Energy budgets can be further constrained through extrasomatic, nonphysiological factors, such as food insecurity. Researchers overseeing a maternal nutritional intervention program in The Gambia in the 1980s identified energy-sparing metabolic adaptations (i.e., BMR suppression) that reduced the total energy cost of pregnancy in undernourished mothers [37,38,39,40,41]. Maternal metabolism can respond to low food availability by suppressing BMR early in pregnancy and reducing gestational weight gain (particularly maternal fat mass), keeping energy expenditure in check to match energy intake (3–7). In doing so, maternal physiology protects the fetus against macronutrient fluctuations and deficiencies in utero (i.e., Maternal Nutritional Buffering Model) [42]. Mechanisms of energy sparing might also be predicted in highly active women in industrialized populations who are food secure but are operating at the presumed limit to energy absorption and assimilation due to their high physical activity workload.

Constraints on the daily energy budget suggest humans cannot always increase intake and expenditure to meet the demands of physical activity and reproduction. Instead, for mothers approaching the physiological limits on daily expenditure, increased physical activity may lead to trade-offs in energy allocation, reducing energy expended in other tasks, including reproduction. These trade-offs, in turn, may influence variation in fertility.
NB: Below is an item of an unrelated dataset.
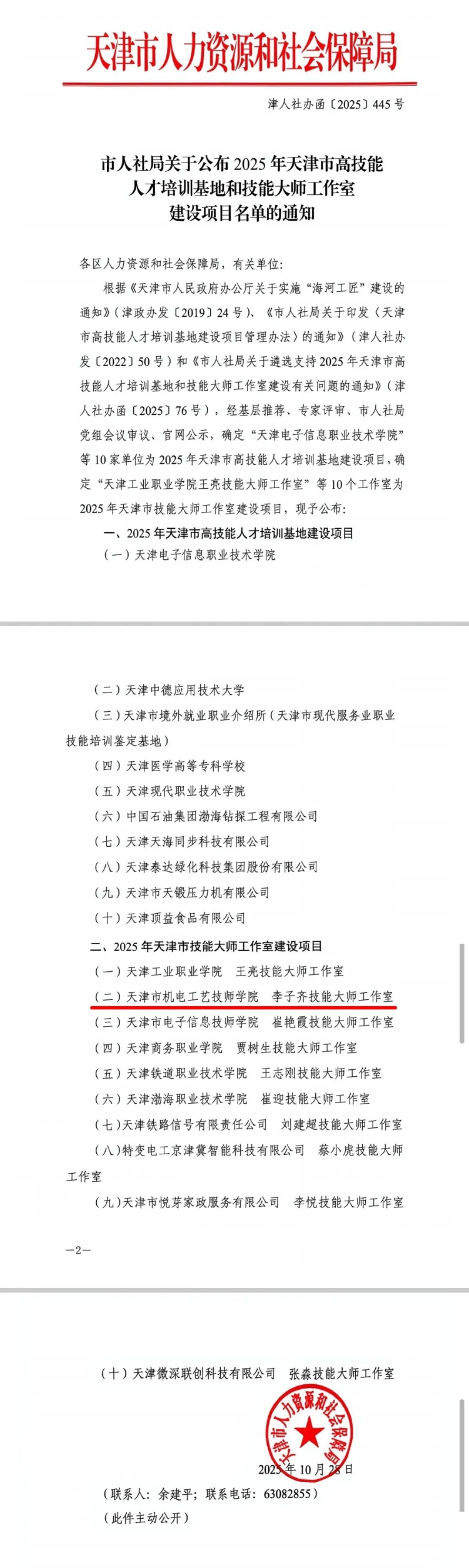 近日,天津市人社局下發(fā)了《關(guān)于公布2025年天津市高技能人才培訓(xùn)基地和技能大師工作室建設(shè)項(xiàng)目名單的通知》,百利裝備集團(tuán)所屬天津市機(jī)電工藝技師學(xué)院(以下簡稱“工藝學(xué)院”)再次獲批天津市技能大師工作室——李子齊技能大師工作室。至此,工藝學(xué)院已建成3個(gè)天津市技能大師工作室。

Physical activity, energy status, and fertility

Much of the work examining variation in fertility across populations from an ecological perspective has focused on female “energy status,” the balance of energy expended in physical activity, and other tasks against food energy availability and fat stores [12, 27]. Many of these studies, particularly foundational work from the 1980s and 1990s, lacked direct, objective measures of daily energy expenditure or physical activity. Nonetheless, the results from this work are broadly consistent with the perspective that energy budgets are limited, and that physical activity trades off against investment in reproduction. In women with low energy status due to high physical activity workload, reproduction is often delayed, slowed, or temporarily compromised [10]. Conversely, when women’s energy status is improved through the introduction of work-saving technologies, fertility often increases [43,44,45].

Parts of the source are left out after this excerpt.